» What you should do
Taking only the lines of the data below from the line with "저자가 타깃으로 하는" to the line with "Starbucks 推出最新优惠,每个星期一 Grande-Sized", ends included, write them out exactly and without pictures.

» Stored data
BEGIN

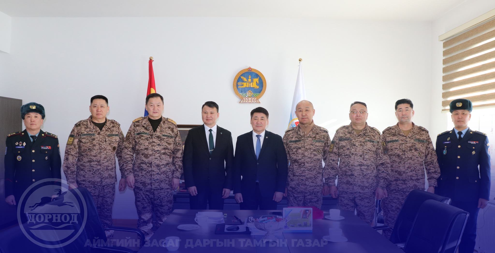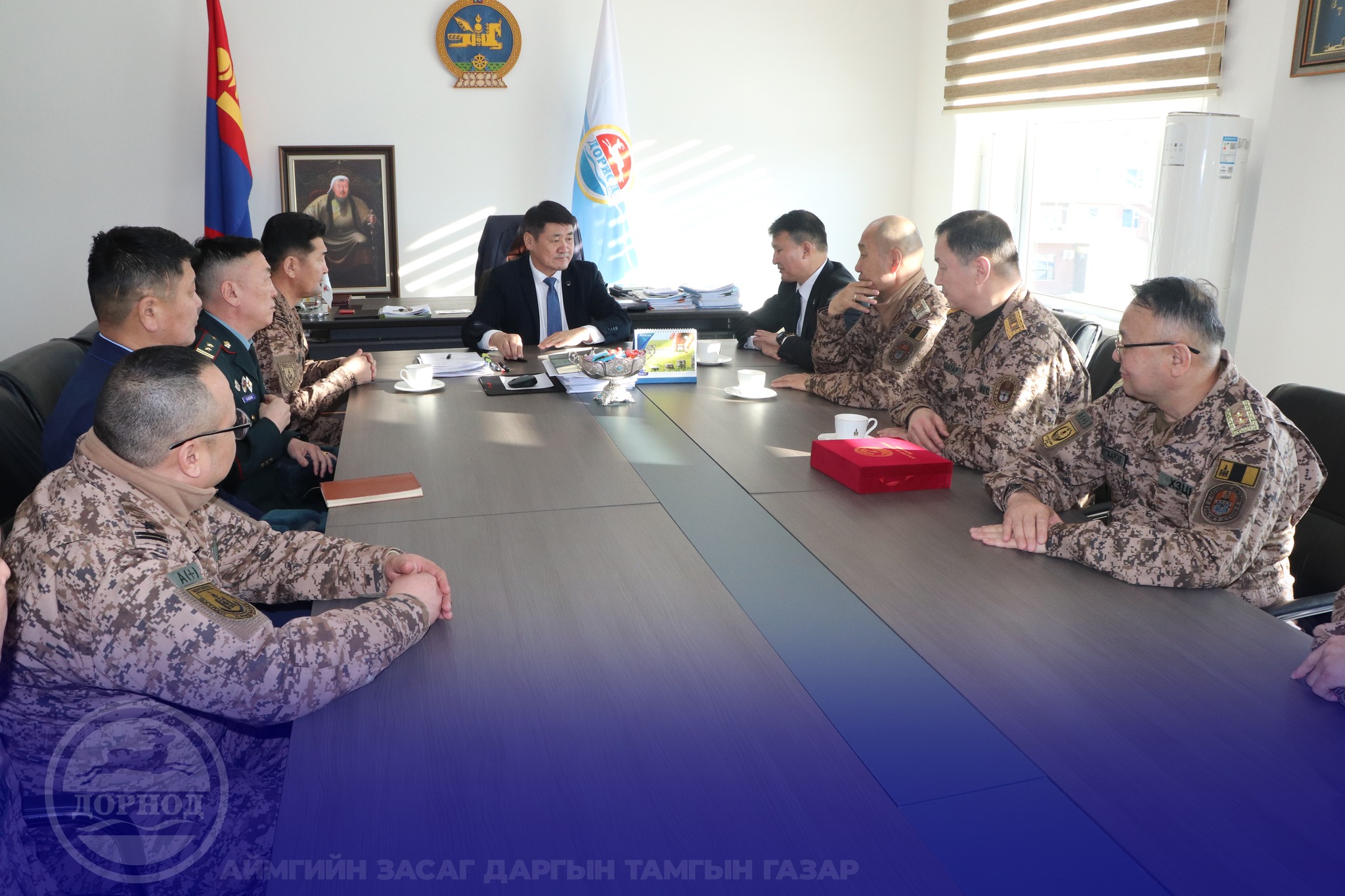 Өнөөдөр Батлан хамгаалахын дэд сайд Д.Баасандамба аймгийн Засаг орлогч Ч.Ганбаттай уулзаж Монгол Улсын Засгийн газраас дэвшүүлж буй зорилт, төрийн батлан хамгаалах бодлого, хүн төвтэй хөгжлийн агуулга, зорилго, мөн чанар, цэргийн алба хаагчийн нийгмийн баталгаа, хөгжлийн орчныг хангах талаар авч хэрэгжүүлж буй арга хэмжээний талаар танилцуулж, санал солилцлоо.
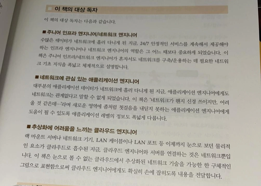 저자가 타깃으로 하는 독자는 주니어 인프라 엔지니어/네트워크 엔지니어, 애플리케이션 엔지니어, 클라우드 엔지니어라고 하는데 개인적으로는 다음의 사람이 봤으면 한다.
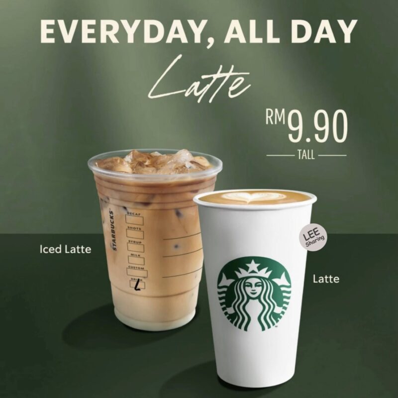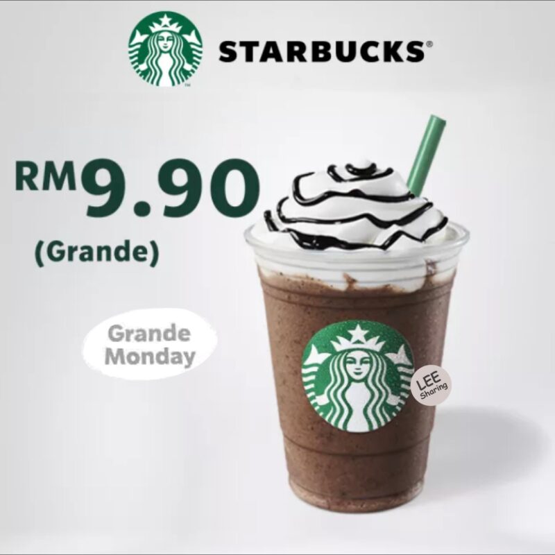 Starbucks 推出最新优惠,每个星期一 Grande-Sized 饮料只需RM9.90;Latte Tall-Sized 饮料每天只需RM9.90;每个星期四穿绿色,Grande-sized 饮料只需RM10~
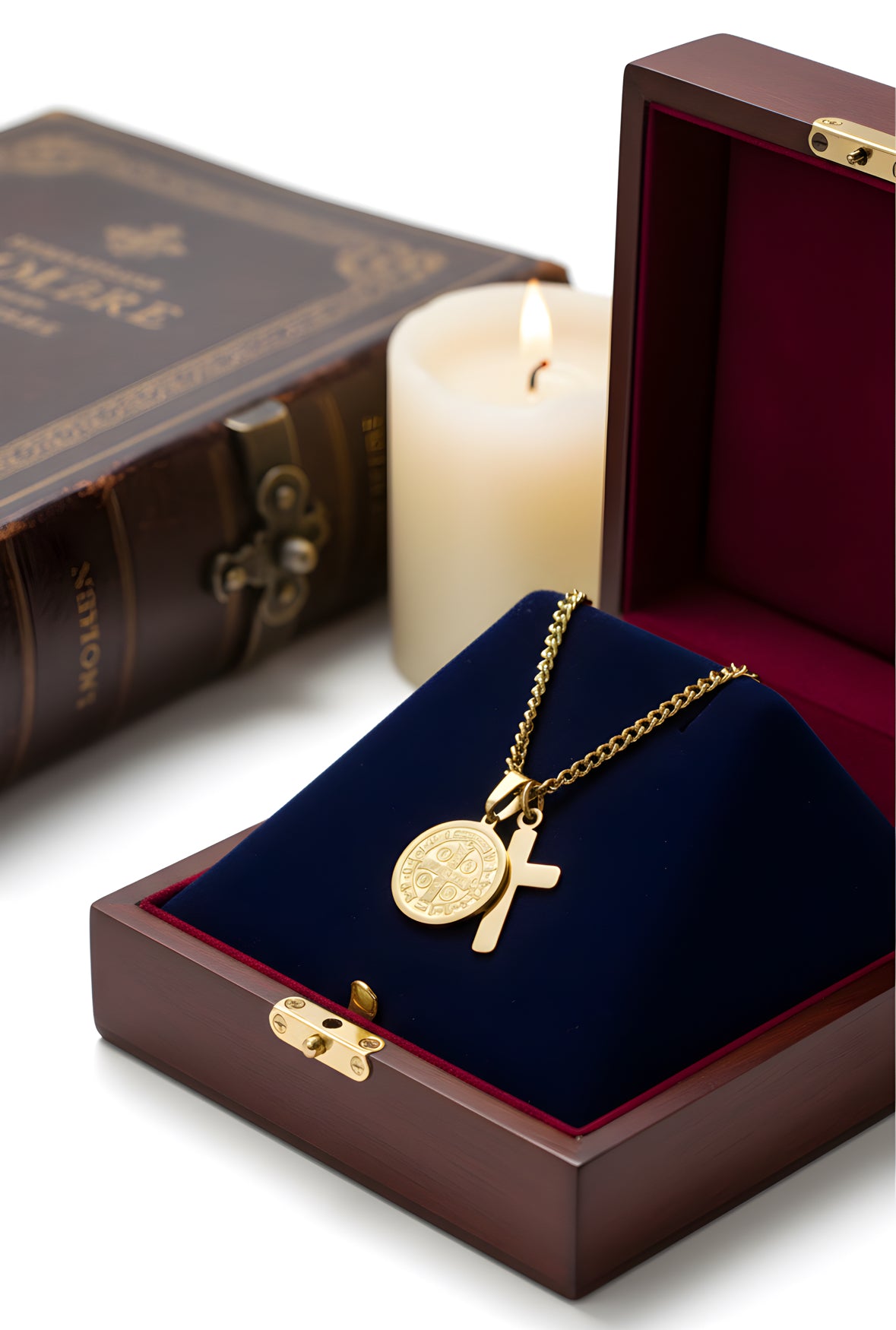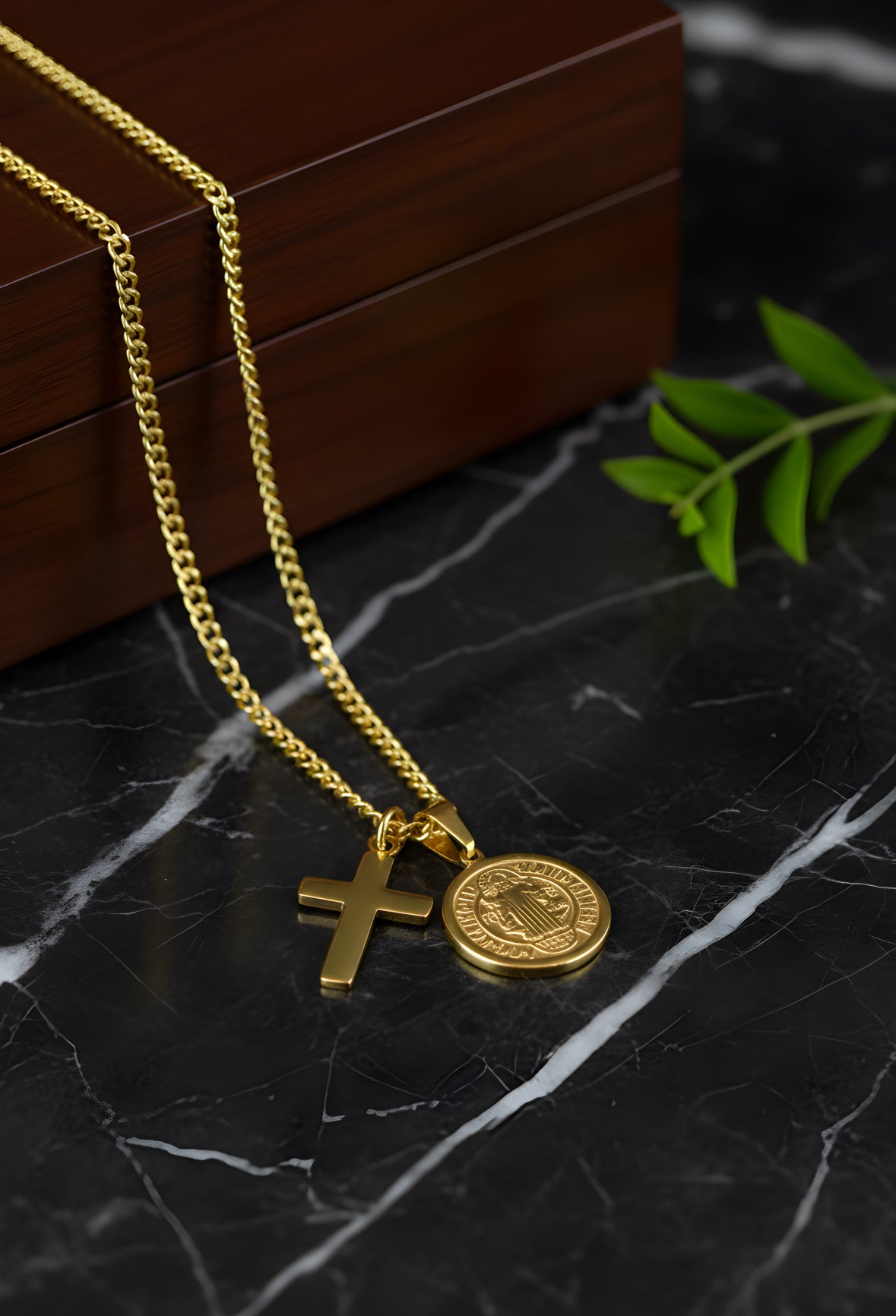 Colar em Aço Inoxidável banhado em ouro - reúne dois pendentes icónicos: uma cruz polida e uma medalha redonda em relevo com São Bento de um lado e uma cruz com orações em latim do outro. A corrente de elos médios confere robustez e estilo, tornando esta peça perfeita para quem procura um acessório elegante, com presença e significado.

END

» Finished exercise
 저자가 타깃으로 하는 독자는 주니어 인프라 엔지니어/네트워크 엔지니어, 애플리케이션 엔지니어, 클라우드 엔지니어라고 하는데 개인적으로는 다음의 사람이 봤으면 한다.
 Starbucks 推出最新优惠,每个星期一 Grande-Sized 饮料只需RM9.90;Latte Tall-Sized 饮料每天只需RM9.90;每个星期四穿绿色,Grande-sized 饮料只需RM10~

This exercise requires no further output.